**Items listed in a dataset:**
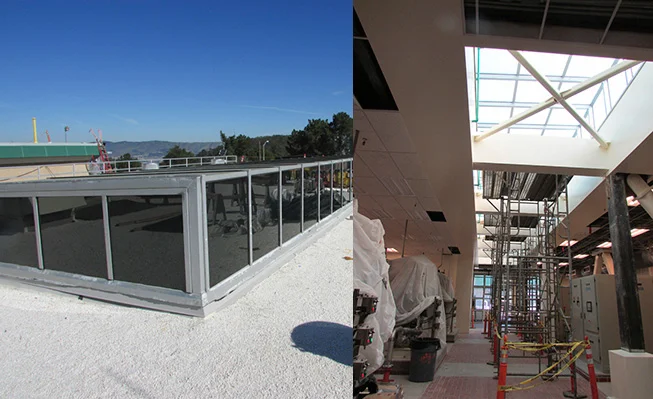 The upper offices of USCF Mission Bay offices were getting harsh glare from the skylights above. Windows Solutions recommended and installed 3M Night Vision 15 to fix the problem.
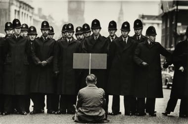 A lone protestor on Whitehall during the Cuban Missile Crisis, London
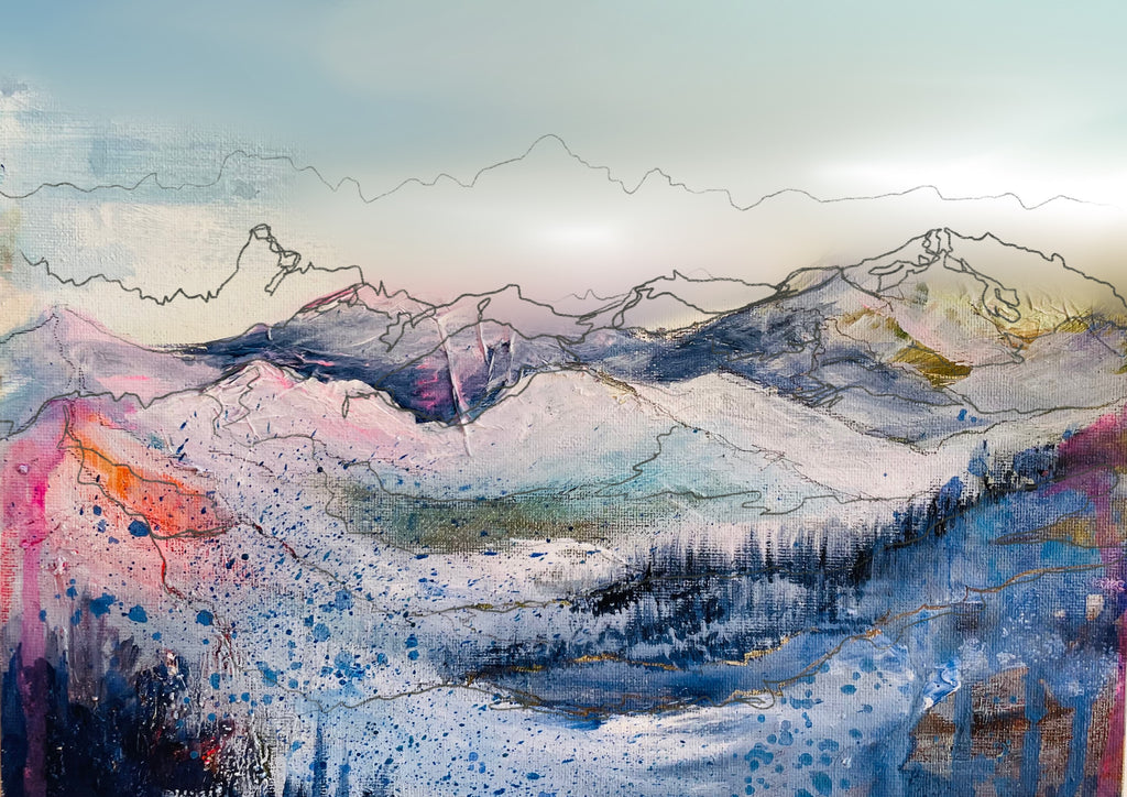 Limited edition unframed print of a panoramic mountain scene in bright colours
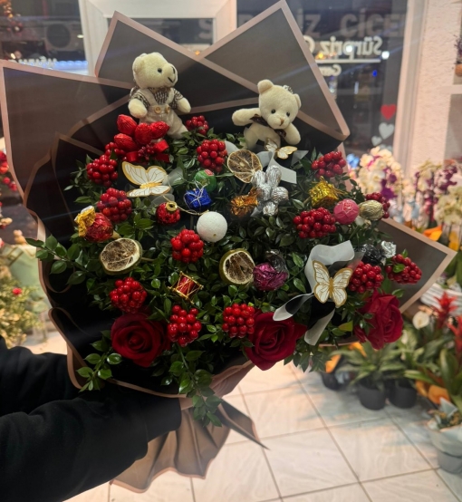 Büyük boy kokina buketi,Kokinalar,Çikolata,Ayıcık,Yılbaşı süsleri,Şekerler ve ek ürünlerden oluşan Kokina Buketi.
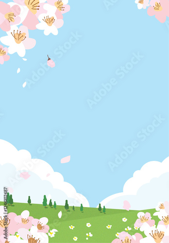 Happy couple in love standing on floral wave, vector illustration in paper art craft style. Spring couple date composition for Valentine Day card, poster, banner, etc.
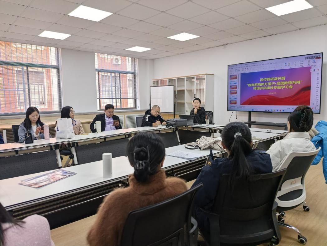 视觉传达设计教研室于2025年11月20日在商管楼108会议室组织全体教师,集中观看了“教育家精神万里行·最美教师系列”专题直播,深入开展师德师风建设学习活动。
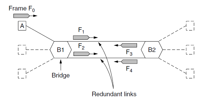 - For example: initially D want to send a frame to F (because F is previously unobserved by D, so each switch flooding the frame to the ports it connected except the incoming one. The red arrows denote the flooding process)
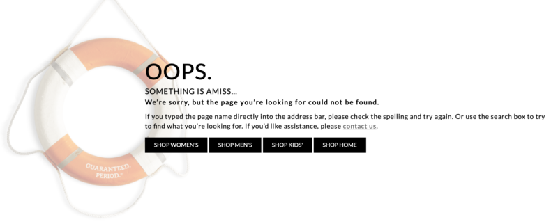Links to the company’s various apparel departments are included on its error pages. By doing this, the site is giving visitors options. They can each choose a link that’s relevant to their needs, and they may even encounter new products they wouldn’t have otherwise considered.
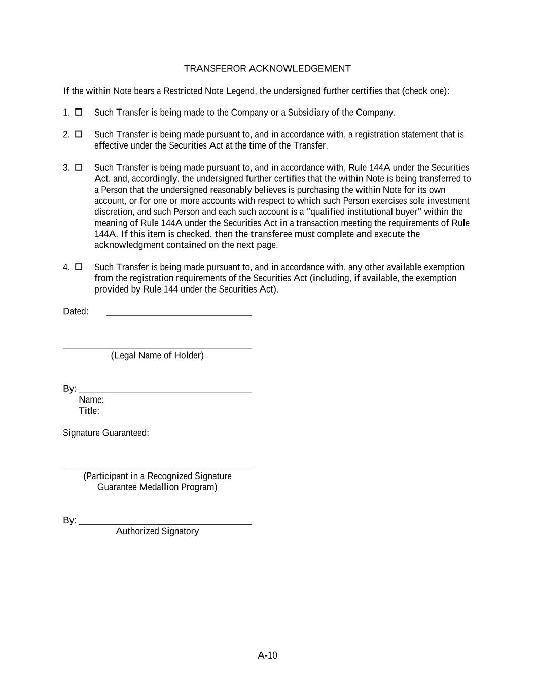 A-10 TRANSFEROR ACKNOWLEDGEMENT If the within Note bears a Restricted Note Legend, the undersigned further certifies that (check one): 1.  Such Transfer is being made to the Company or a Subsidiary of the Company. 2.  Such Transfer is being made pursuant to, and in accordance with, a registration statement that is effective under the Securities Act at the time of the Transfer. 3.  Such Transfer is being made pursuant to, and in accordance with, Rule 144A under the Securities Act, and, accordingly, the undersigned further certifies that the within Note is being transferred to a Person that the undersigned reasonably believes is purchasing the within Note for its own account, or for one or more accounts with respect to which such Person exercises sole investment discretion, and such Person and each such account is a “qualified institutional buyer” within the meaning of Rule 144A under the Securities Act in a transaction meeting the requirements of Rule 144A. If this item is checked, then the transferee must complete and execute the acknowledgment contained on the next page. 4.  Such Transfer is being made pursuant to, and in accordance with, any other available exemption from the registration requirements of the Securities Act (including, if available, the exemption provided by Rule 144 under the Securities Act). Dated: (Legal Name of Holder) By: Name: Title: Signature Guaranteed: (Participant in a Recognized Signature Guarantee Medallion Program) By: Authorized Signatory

**Instructions for the task:** Reproduce exactly the lines above starting at the line containing "视觉传达设计教研室于2025" and ending at the line containing "Links to the", including both, but not the pictures.

**Task solution:**
 视觉传达设计教研室于2025年11月20日在商管楼108会议室组织全体教师,集中观看了“教育家精神万里行·最美教师系列”专题直播,深入开展师德师风建设学习活动。
 - For example: initially D want to send a frame to F (because F is previously unobserved by D, so each switch flooding the frame to the ports it connected except the incoming one. The red arrows denote the flooding process)
Links to the company’s various apparel departments are included on its error pages. By doing this, the site is giving visitors options. They can each choose a link that’s relevant to their needs, and they may even encounter new products they wouldn’t have otherwise considered.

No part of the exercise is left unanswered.